All of the artists who were approached were keen to be involved in the show and I went for a combination of big names like Ana Maria Pacheco, the Irish artist Alice Maher and Eileen Cooper and less well-know artists. But the selection was always driven by a desire to show work which paralleled Angela Carter’s ideas, rather than illustrating them. Borrowing from contemporary artists is relatively straightforward since you are dealing either with the artists or their gallery and there are no issues around payment for the reproduction of images for example. Only one work, Wendy Elia’s Maxime, came from a public collection and that too was a very unproblematic loan. Securing the Ana Maria Pacheco The Banquet was a real coup although initially I had requested the whole of the three-part installation comprising Some exercise of Power, The Acrobats as well as The Banquet. However it transpired that because of the weight we could not show The Acrobats on the first floor so the decision was made to just some one element of it. In the event The Banquet fills the room and is extremely powerful.

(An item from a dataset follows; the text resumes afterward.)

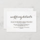 Elegant glam cocoa text and white wedding guest details card with tiny dots.
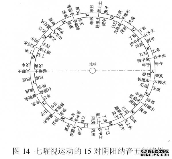 60甲子纳音五行在医易学中是个十分重要的慨念,如表5所列,有着广泛的应用,如可依年纳音五行与相应年干支正、天五行的生克关系,预测自然灾害,依四柱纳音能深入预测人的性格、健康特征、婚配等,但其背后玄机一直是千古之谜。笔者等破解其天文学背景是水、金、木、土、月五曜准周60年视运动每2年加在人体五行上的调制,如表5所列,图14所示,甲子、乙丑两年为海中金,丙寅、丁卯两年为炉中火等[34-35] 。

“[T]he selection was always driven by a desire to show work which paralleled Angela Carter’s ideas, rather than illustrating them” (Fiona Robinson).
ana-maria-pacheco-the-banquet
The Banquet by Ana Maria Pacheco

The historical work was more difficult since there is a long run up time with requesting work from museums and major collections so you have to decide more than a year in advance what you want and then are faced with the problem that if that loan is turned down there isn’t time to get something from somewhere else. It was always necessary to have a plan B in terms of being prepared to compromise with the first choice and source works that were available. Some loans were confirmed very late. Karl Wescke’s Leda and the Swan needed expensive restoration and the cost was going to be prohibitive for the RWA but in the event the lenders contributed to that. However the loan was only actually confirmed a few weeks before the show opened which was nerve-racking.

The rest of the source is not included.